23 janvier 1832 – 30 avril 1883

23 janvier 1832 – 30 avril 1883

 

Apprentissage

Né à Paris en 1832, Édouard Manet grandit dans une famille de la haute bourgeoisie française, ayant un père haut-fonctionnaire et un grand-père maternel diplomate. Enfant dissipé, il ornait ses cahiers de caricatures. Comme d’autres futurs grands artistes, Manet fut orienté vers le droit par son père. S’opposant à une telle carrière, mais devant néanmoins prendre une décision pour son avenir, il proposa à son père de travailler dans la marine.

Ainsi, il présenta le concours d’entrée à l’École Navale en 1848, mais échoua. Il effectua alors un voyage au Brésil où il réalisa un grand nombre de dessins. Il retenta sa chance au concours en 1849, mais échoua à nouveau. Son père finit par accepter l’idée d’une carrière artistique et laissa son fils Édouard entrer dans l’atelier de Thomas Couture. Si ce dernier semble être oublié de nos jours, il n’en était pas moins à l’époque, un grand peindre académique et professeur influent. Manet passa 6 ans chez Couture et put y apprendre les techniques de peinture tout en recopiant les œuvres de maîtres au Louvre afin de se perfectionner. Il profita aussi de son apprentissage pour voyager dans plusieurs pays d’Europe afin d’étudier les œuvres exposées. Ainsi, il visita les musées italiens et se rendit également en Allemagne, en Autriche, en Hollande. À Paris, il s’enthousiasma pour Eugène Delacroix, qu’il rencontra. Ce dernier l’autorisa même à copier « Dante et Virgile aux enfers ».
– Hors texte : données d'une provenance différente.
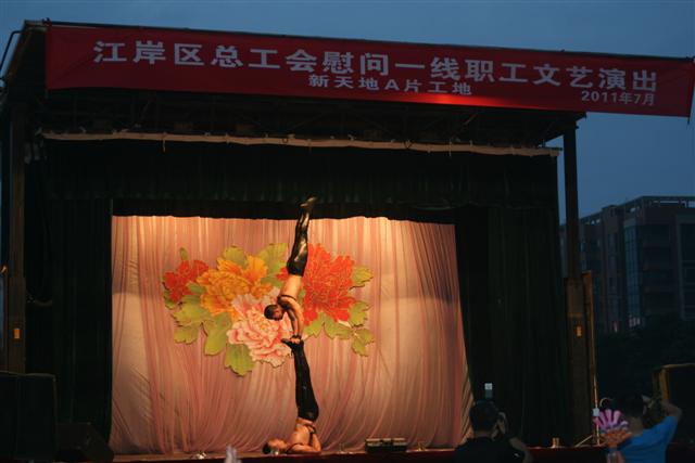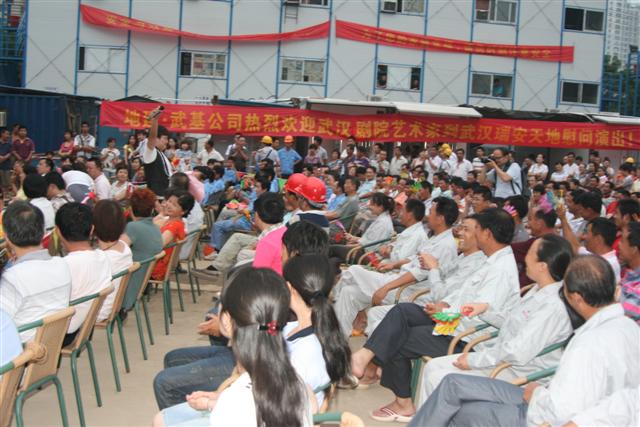 2011年7月14日晚,江岸区总工会在武汉地质勘察基础工程有限公司瑞安A1A2A3地块桩基项目施工现场举办慰问一线职工文艺演出。来自武汉剧院艺术家们表演的舞蹈、独唱、杂技、魔术、川剧变脸等一个个精彩纷呈的节目,博得了一阵阵热烈的掌声。特别是当演员们走下台来与观众互动,邀请观众对唱时,现场气氛更是鼎沸欢腾。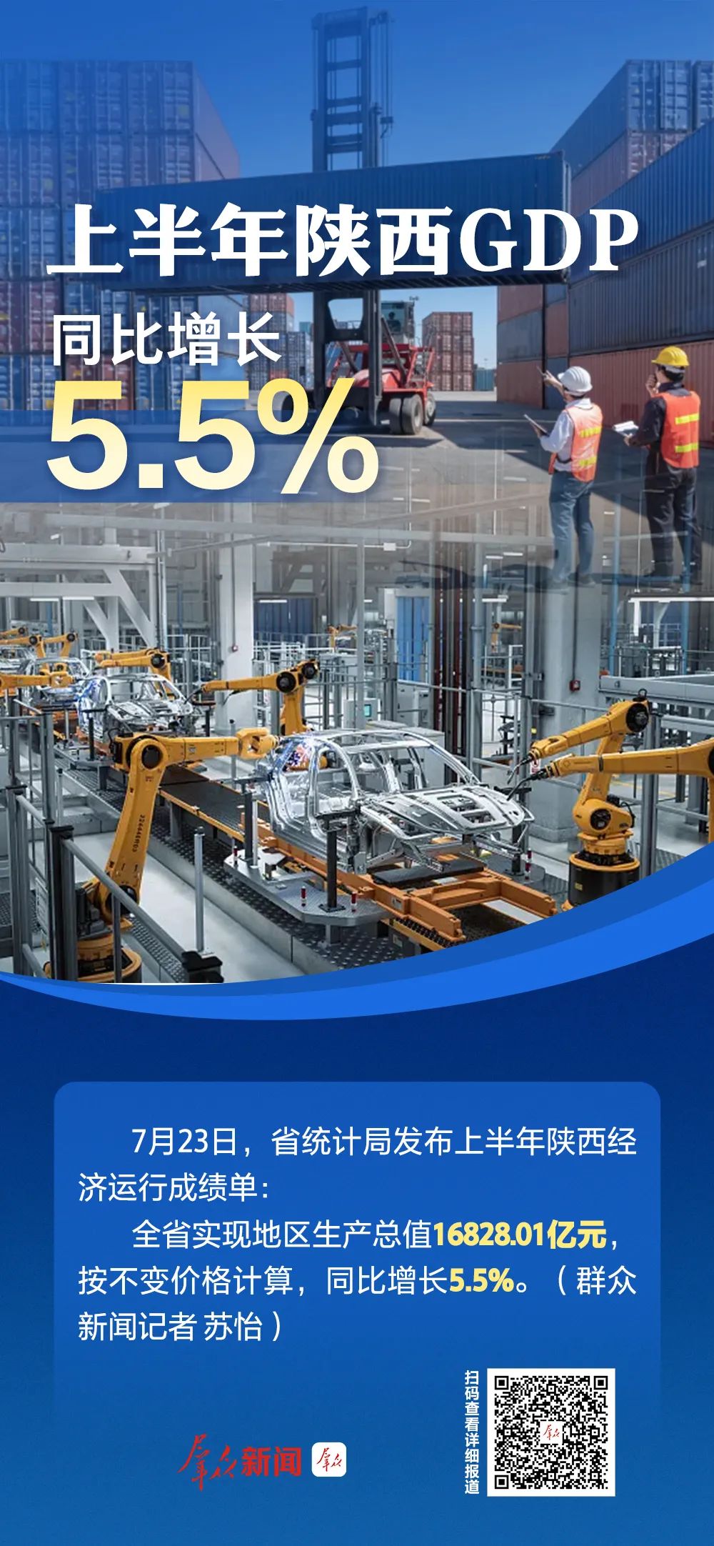 7月23日,省統(tǒng)計局發(fā)布上半年陜西經濟運行成績單:全省實現(xiàn)地區(qū)生產總值16828.01億元,按不變價格計算,同比增長5.5%。

Après ces 6 années au sein de l’atelier Couture, Manet s’installa dans un petit atelier avec Albert de Balleroy. Ce peintre et graveur se spécialisa dans la peinture des sujets de chasse. Les deux artistes embauchèrent un adolescent comme modèle et aide, mais le jeune garçon se suicida dans l’atelier. Choqués, les artistes déménagèrent.

 

Salons, critiques et refus

Manet proposa sa première œuvre au Salon officiel de l’Académie en 1859, mais elle fut rejetée (« Le Buveur d’absinthe »).

 

« Le Buveur d’absinthe », Manet, 1859

« Le Buveur d’absinthe », Manet, 1859

 

L’œuvre d’un réalisme sévère ne proposait pas les critères de beauté que le jury du Salon aimait voir.

Manet ne désarma pas et en 1861, deux de ses créations furent retenues par le jury. Il s’agissait du « Portrait de M. et Mme Auguste Manet » et du « Chanteur espagnol ».

 

« Portrait de M. et Mme Auguste Manet », Manet, 1860

« Portrait de M. et Mme Auguste Manet », Manet, 1860

 

« Le chanteur espagnol » fut une de ses nombreuses œuvres inspirées de la péninsule ibérique dans les années 1860. En 1865, afin de reprendre des forces, mais aussi pour trouver un nouvel élan créatif, il partit à Madrid. L’artiste Velasquez le fascinait et il réalisa de nombreux dessins tirés de la vie locale.

 

« Le Chanteur espagnol », Manet, 1860

« Le Chanteur espagnol », Manet, 1860

 

« Le Chanteur espagnol » fut la seule de toutes ses toiles à être bien accueillie jusqu’en 1873 ; le reste de son travail étant refusé ou vivement critiqué pendant de nombreuses années. D’ailleurs, en 1863, il rejoignit le salon des Refusés pour y exposer « Le déjeuner sur l’herbe ». L’œuvre provoqua un scandale tant esthétique que moral. La toile de Manet, qui représente une femme nue et assise, entourée de deux hommes en costume, dans un décor champêtre, attira immédiatement l’attention du public, mais fut violemment attaquée par les critiques. Le nu féminin était accepté, répandu et aimé si certaines règles liées à la pudeur étaient respectées.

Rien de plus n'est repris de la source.